Clay Kerri wrote in post #17141611 (external link)
No you don't! I mean, yeah, you should invest because they're dirt cheap and super useful. But just moving your light source closer to your subject will soften the light dramatically. Also, throw some diffusion on that box! You're getting the same effects of a bounce-back umbrella, but with a lot of specularity because of all of the silver. If your softbox didn't come with some diffusion and an interior baffle, you can just use a white sheet. Cut it up and stick it on with some velcro. Master the tools you have before you invest in more.


Oh ya I have a diffuser that velcros on the front of that umbrella. I have used it before, but I wasn't thrilled with the light I was getting with it on. Also it is a PITA to adjust my power settings and having to keep opening it up haha.
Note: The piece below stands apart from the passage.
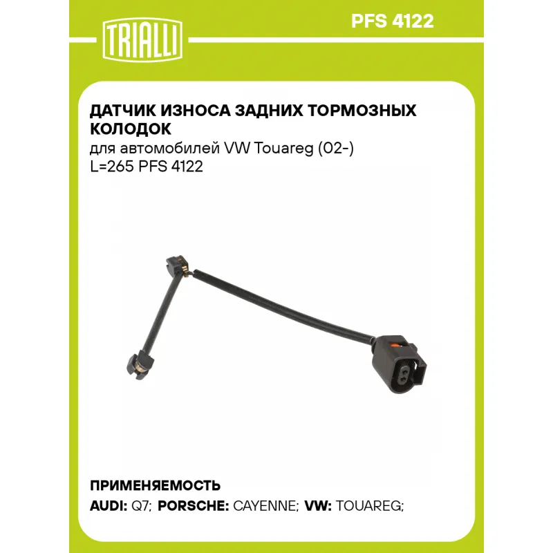 Датчик износа задних тормозных колодок для автомобилей VW Touareg (02-) L=265 Характеристики: Артикул: PFS 4122 OEM номера: 95561236520, 95561236530, 7L0907637B, 7L0907637C Необходимое количество: 2 на ось Количество на автомобиль: 2 Длина, мм: 265 Сторона установки: Задняя ось Гарантийный срок: 1 год / 30 000 км Товарная линейк... Читать полностью →

No ETTL for me!

Anyway, next time around ill close the distance and diffuse the light. I do agree, diffused light works better for this setting then bare bulb or the reflected.

travisvwright wrote in post #17141919 (external link)
I think you should look into a TimeLine, they are awesome. With the room being as reflective as it is, I'd pull some of the mids back and turn the reverb way down Also some low range panels hung in the corners will let you turn up a surprising amount, saturating that little terror beautifully. Then work your volume nob to get great dynamics.

I think you are referring to my Micro Terror amp......just no idea how....?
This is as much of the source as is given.